Saturday, June 07, 2008

That program is still running

Michael Ledeen writes in the Wall Street Journal today comparing al Qaeda and Iran to Hitler and comparing Barack Obama and Europe in general to the Hitler's 1930s opponents. It could be dismissed as standard Bush-McCain talking points except for Ledeen's complete lack of acknowledgment of his own role in the week's news -- as facilitator of a backdoor intelligence operation linking dubious Iranian elements to Dick Cheney's Iraq war operation in 2002 --

When the CIA and the State Department discovered that Ledeen and Ghorbanifar were involved, they opposed any further contact with the two. Ledeen's contacts, the Defense Human Intelligence Service concluded, were "nefarious and unreliable," the Senate committee reported.

According to the report, Ledeen, however, persisted, presenting then-Undersecretary of Defense Douglas Feith with a new 100-day plan to provide, among other things, evidence of Iraqi weapons of mass destruction that supposedly had been moved to Iran — Saddam Hussein's archenemy. This time, the report said, Ledeen solicited support from former speaker of the House of Representatives Newt Gingrich and from three then- GOP senators, Sam Brownback of Kansas , Jon Kyl of Arizona and Rick Santorum of Pennsylvania.


The brilliance of the Saddam-moved-WMDs-to-Iran claim is that it required a war against Iraq and Iran. One out of two ain't bad. So anyway, now he's complaining --

The rise of messianic mass movements is not new, and there is very little we do not know about them. Nor is there any excuse for us to be surprised at the success of evil leaders, even in countries with long histories and great cultural and political accomplishments.

The problem here is that lack of any evidence that Islamism is a mass movement.
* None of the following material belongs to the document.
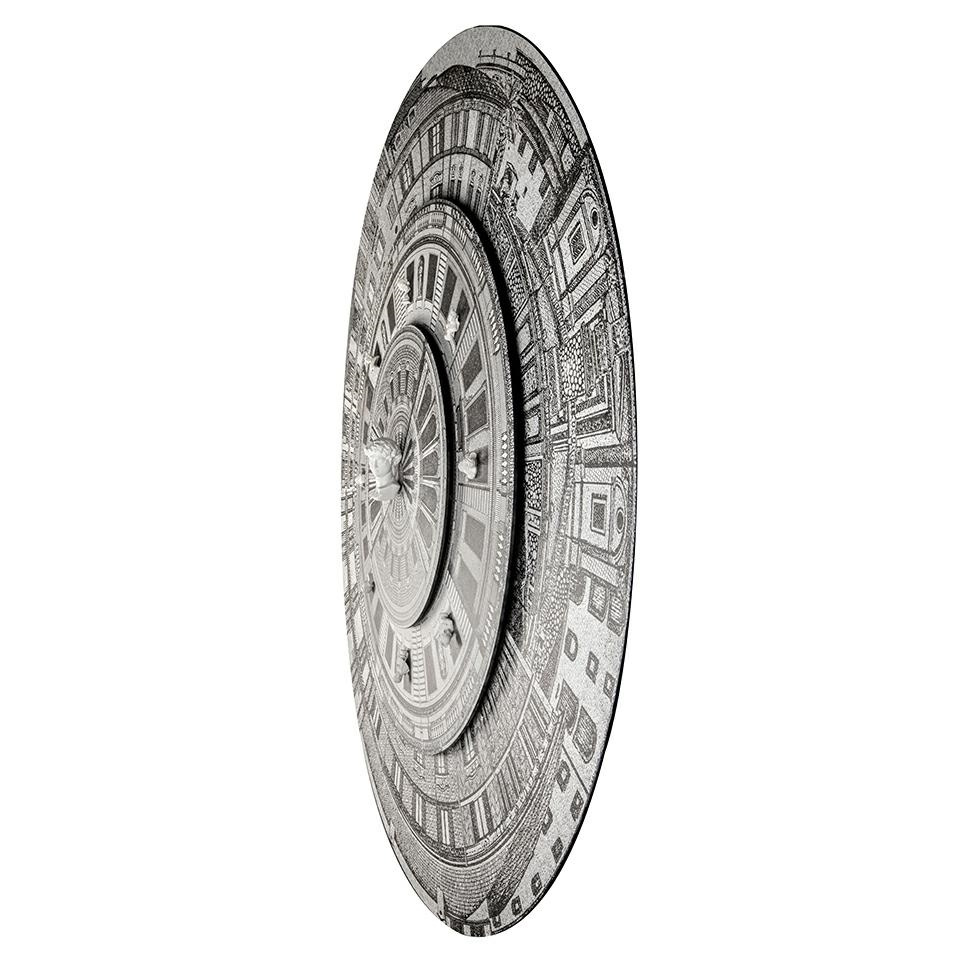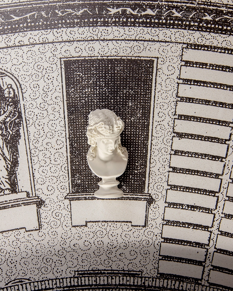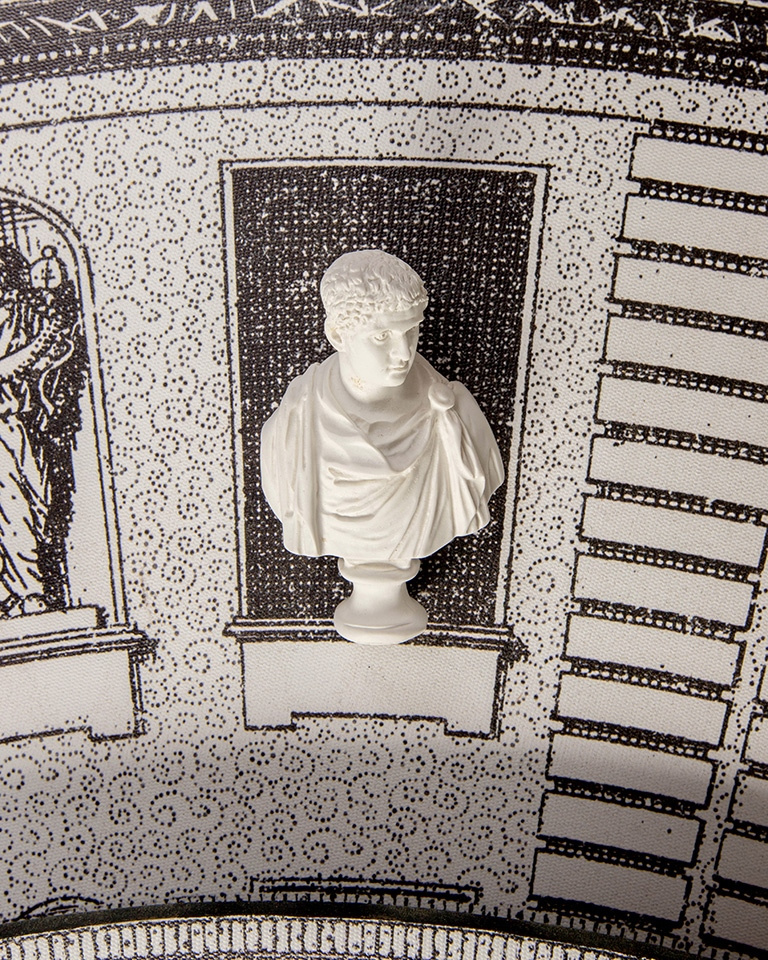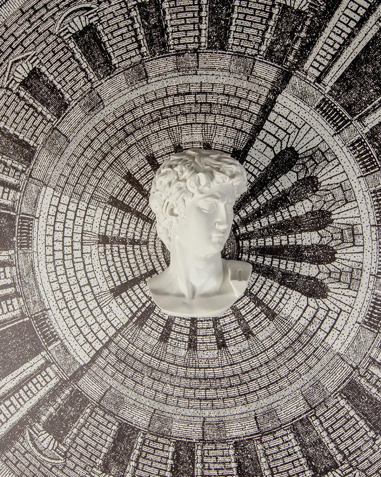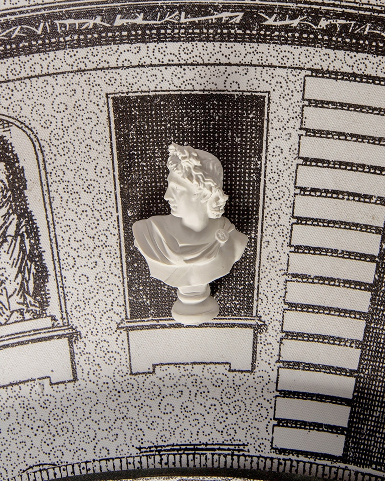 Obraz FISH EYE CITY 200x200 cm. Unikalne dzieło sztuki, które wyróżnia się oryginalną koncepcją w postaci okrągłej planszy, która przypomina widok starożytnego miasta z lotu ptaka. Całość zaprojektowano w sposób, który sprawia wrażenie trójwymiarowej głębi, co dodatkowo potęguje efekt iluzji. Wyjątkowość tego obrazu podkreślają rzymskie figurki wykonane z białej żywicy, które można dowolnie rozkładać na planszy, co pozwala na personalizację i tworzenie własnych kompozycji. Plansza, wykonana z drewna z nadrukiem, ma również częściowo obrotowy mechanizm, umożliwiający dostosowanie układu miasta według indywidualnych preferencji, co czyni to dzieło jeszcze bardziej interaktywnym. To niesamowite dzieło przyciąga wzrok swoim artystycznym stylem. Fish Eye City to idealna propozycja dla osób ceniących zarówno sztukę, jak i architekturę, a także dla tych, którzy szukają niecodziennych rozwiązań dekoracyjnych do swojego wnętrza. Wymiary: wys. 200 cm / szer. 200 cm / gł. 12 cm.Cechy produktu

The best he can do is Ahmadinejad but even he is beset by issues like economic problems and competing power centers. Hence resorting to the lamest of calls to action --

There is little if any condemnation from the West, and virtually no action against it, suggesting, at a minimum, a familiar Western indifference to the fate of the Jews.

This is the type of PR that a war plan drawn up on a napkin ("During the Rome meetings, Ghorbanifar also laid out a scheme to overthrow the Iranian regime on a napkin during a late night meeting in a bar") gets you.